Dispatch Broadcast Group
- Type: Subsidiary
- Industry: Broadcast television and radio production
- Founded: 1929
- Defunct: August 8, 2019
- Fate: Acquired by Tegna
- Headquarters: Columbus, Ohio, United States
- Area served: Central Indiana Central Ohio
- Parent: Dispatch Printing Company

= Dispatch Broadcast Group =

American media company

The Dispatch Broadcast Group was a media company based in Columbus, Ohio. The group was a division of the Dispatch Printing Company, former owner of the Columbus Dispatch, and was owned by the Wolfe family since 1929 until its sale to Tegna Inc. in mid-2019.

The Dispatch Broadcast Group included the Columbus CBS-affiliate WBNS television, radio stations WBNS (AM) and WBNS-FM in Columbus, the statewide Ohio News Network, and NBC-affiliate WTHR television in Indianapolis (formerly WLW-I) which was purchased in 1975.
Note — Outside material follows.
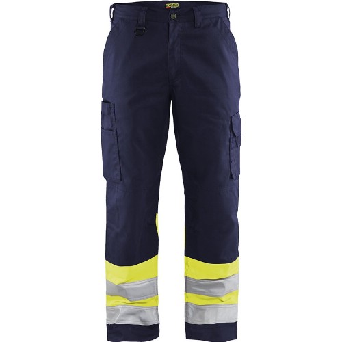 Lett varselbukse med moderne passform og bra slitestyrke. Spikerlommer med ekstra lomme og glidelås. Benlomme med belg, klaff og pennelomme, ekstra lomme, telefonlomme, ID-kortlomme og knebeskyttelseslommer. Vannavvisende finish. C-størrelser kan forlenges til C100 størrelser. Vaskes på 70°C.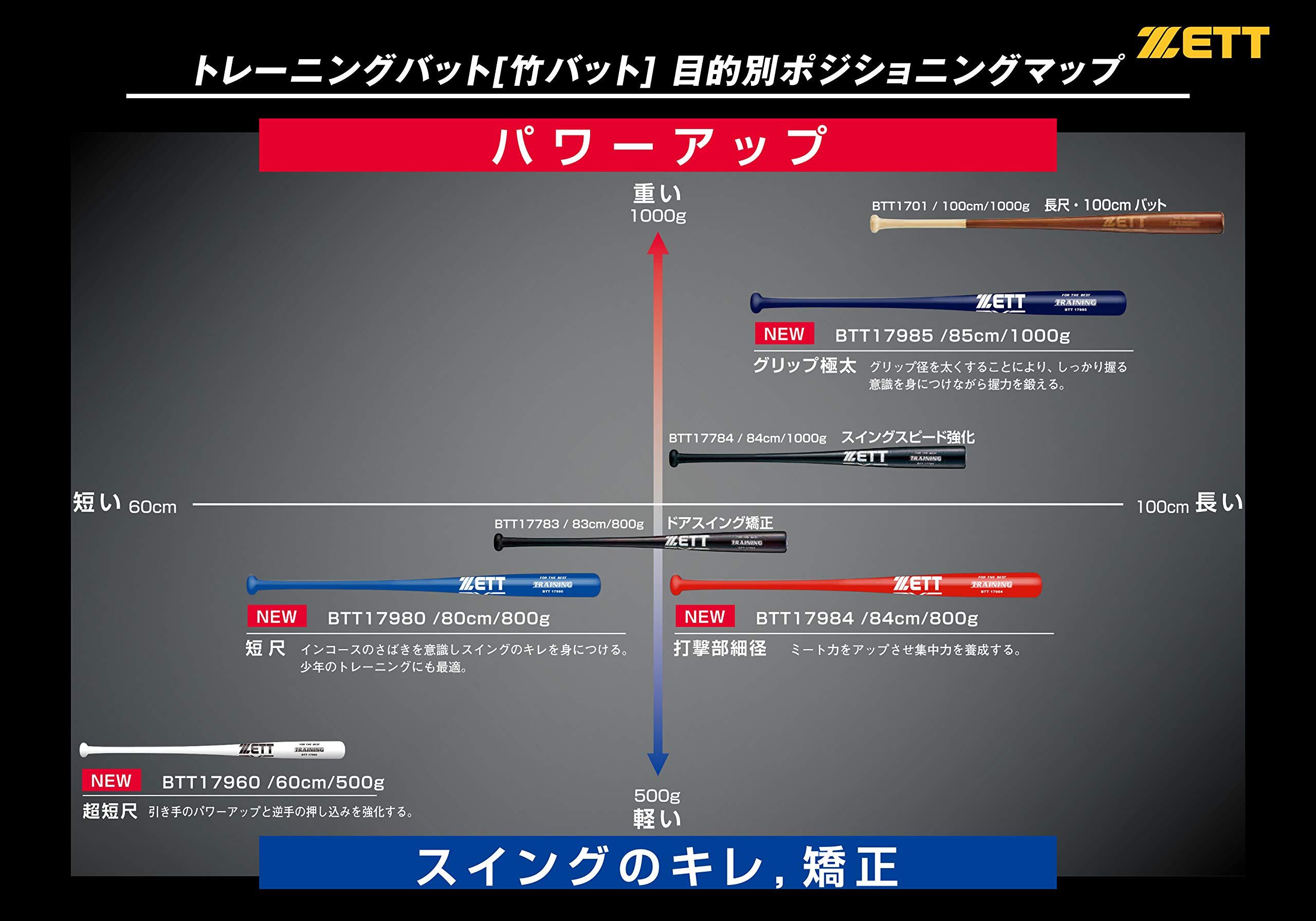 ZETT(ゼット) 野球 合竹 トレーニングバット 60cm/80cm/84cm/85cm 実打撃不可・ティー打撃可

On April 24, 2013, former WBNS-TV news director John Cardenas was named president and general manager of the station and vice president of broadcast news for the Dispatch Broadcast Group. On December 7, 2018, Dispatch Broadcast Group president and WTHR general manager Larry Delia commented to the Indianapolis Business Journal that the company may consider buying divested Nexstar Media Group stations as Nexstar readies to buy Tribune Media.

On June 11, 2019, it was reported the Dispatch Broadcast Group had sold its television and radio assets to Tegna Inc. for the sale price of $535 million. The sale was completed on August 8.